Q: While watching films with Black actors, do you ever look for/pick up on stereotypes?

A: Not really. Sometimes I catch a few but I just ignore them.

Q: Do you believe that films you have watched with Black characters have influenced how you view your own race, and if yes, how so?

A: [They] influence my views in positive ways. Even [though] the films could be fictional, they still send messages. Sometimes they are motivational: seeing someone who looks like you accomplish something big through hard work and struggle. 

Q: What are some of the biggest changes that you believe filmmakers can make to eliminate stereotypes of Black people in their movies?

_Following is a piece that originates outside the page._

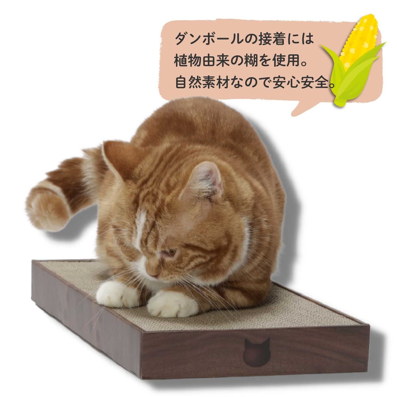 【こだわり抜いた原材料】つめとぎ部分に使用しているダンボールは、原料の100%が紙。 内10%はニュージーランド産原パルプ紙を使用。大切な猫に使用するつめとぎなので、品質にはとことんこだわりました。 ダンボールを貼り合わせる糊は植物由来の糊を使用しています。
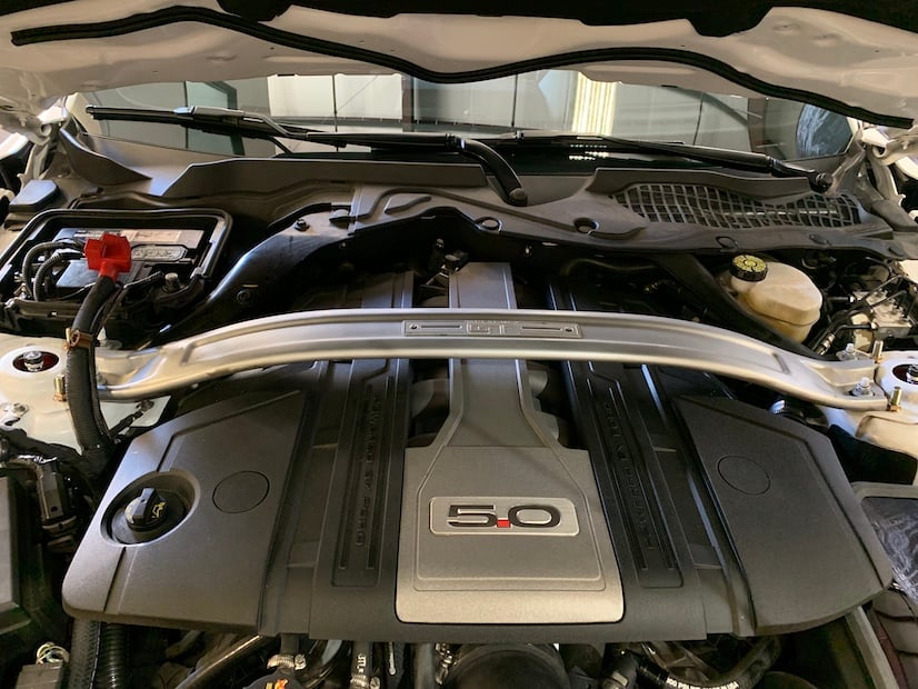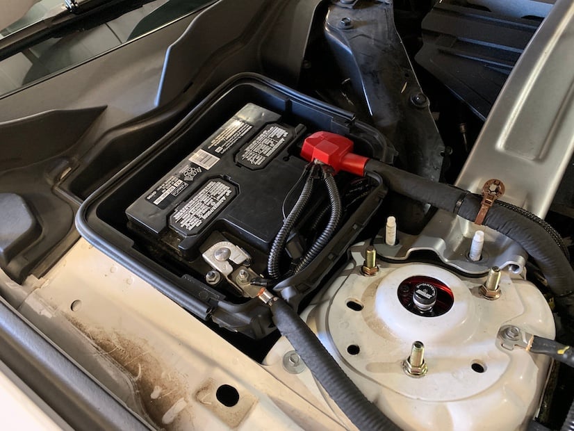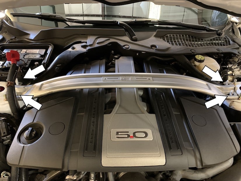 Remove the 4 nuts securing the strut tower brace to the engine bay. Then remove the strut tower brace by lifting up, avoiding the positive battery harness.

A: I think filmmakers should try to put their feet in the shoes of African Americans and really make an attempt to understand where we come from. They need to get the real truth instead of using these stereotypes. For example, they need to stop making Black people the loudest characters or the ones to be taken less seriously in movies. 

Q: With regard to promoting diversity and celebrating race, what is one thing you would like to see more of in films?

A: I want to see more of the stories of other minorities. 

Q: What is one thing you would like to share with others who may not be able to differentiate stereotypes from reality with regard to Black characters in films?

A: You shouldn’t believe everything that you see in these Hollywood films. Not every African American fits into these stereotypes. This is what I would tell them to keep in mind while watching these films. And also, try to put yourself in other peoples’ positions.